A London patient with the HIV virus has reportedly been cured of AIDS after a bone marrow transplant. He is only the second HIV-positive patient to be cured of the disease in medical history, reports NYTimes.

The “London patient” was diagnosed with HIV in 2003 and has been on antiretrovirals since 2012, which only suppresses the virus. After being diagnosed with Hodgkin’s Lymphoma, a deadly cancer, he received the bone marrow transplant in 2016. The “London patient” received stem cells from a donor with a rare genetic mutation of the CCR5 gene, making them HIV-resistant. The “London patient” came off the antiretroviral drugs that suppress HIV, 18 months ago, and has been virus-free ever since. Scientists now consider him cured and there seems to be no sign of a return of HIV.

Timothy Brown, the first patient to be supposedly cured from AIDS, underwent the same process which made him HIV-free. However, scientists are not yet hopeful that a cure has been found for the disease that affects more than 37 million people worldwide.

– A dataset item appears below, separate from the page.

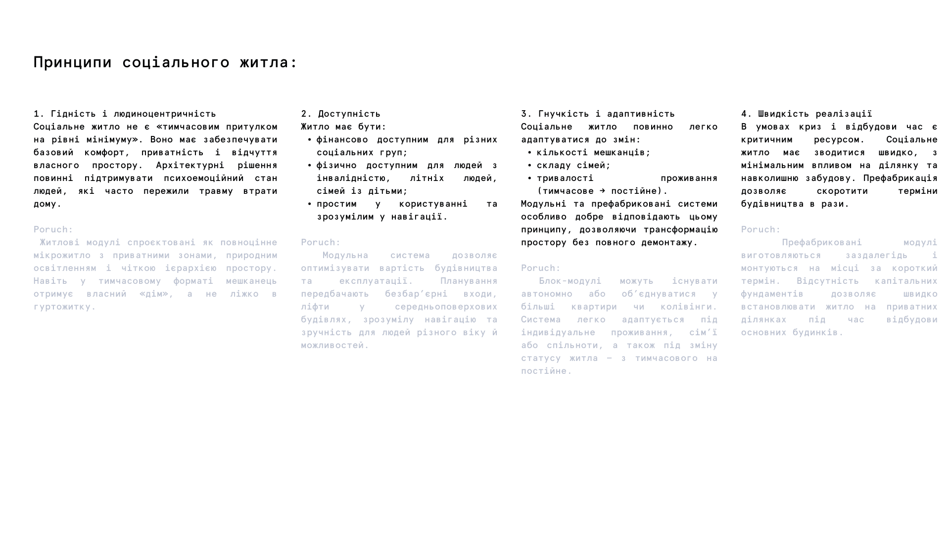 Poruch відповідає на одну з найгостріших проблем сьогодення — потребу в житлі для людей, повернення додому яких наразі неможливе через руйнування. Модульні будинки можуть зводитися швидко, без капітальних фундаментів і розміщуватися на ділянках приватних будинків, що перебувають у процесі відбудови, як тимчасове рішення.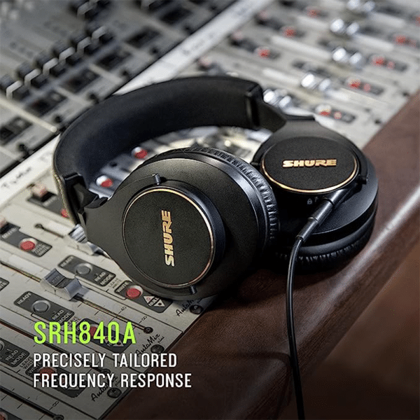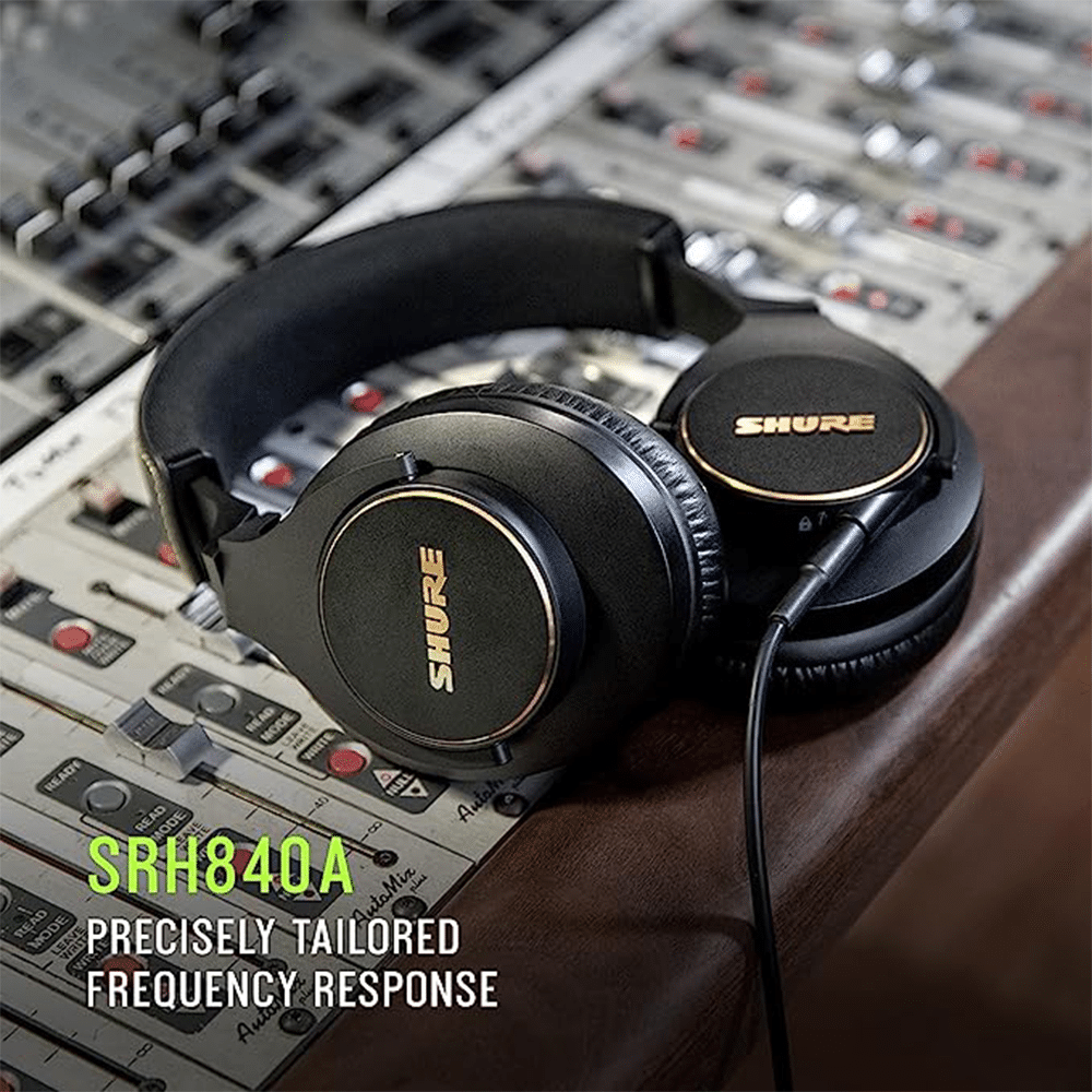 Developed to provide accurate and well-balanced audio, the new SRH840A Professional Monitoring Headphones are optimized for critical listening and studio monitoring. A precisely tailored frequency response and 40mm neodymium dynamic drivers deliver rich bass, clear mid-range and extended highs. A wide, padded headband and collapsible design combine with Shure durability to provide the ultimate listening experience.

“There is no virus there that we can measure. We can’t detect anything,” said Ravindra Gupta, a HIV biologist and professor who co-led the team of doctors treating the patient. However, he cautioned that, “It’s too early to say he’s cured,” instead describing the patient as “functionally cured” and “in remission.”

Anton Pozniak, the president of the International Aids Society said the announcement marks a critical moment in the hunt for a cure. “The hope is that this will eventually lead to a safe, cost-effective and easy strategy to achieve these results using gene technology or antibody techniques,” said Anton.

Sharon Lewin, co-chair of the International AIDS Society cure research advisory board and an expert at Australia’s Doherty Institute said “We haven’t cured HIV, but this gives us hope that it’s going to be feasible one day to eliminate the virus.”

The “London patient” will have his case presented at a medical conference in Seattle on Tuesday. The patient requested complete anonymity. The following results narrow the search for a cure for the disease and keep medical professionals hopeful for the existence of a cure.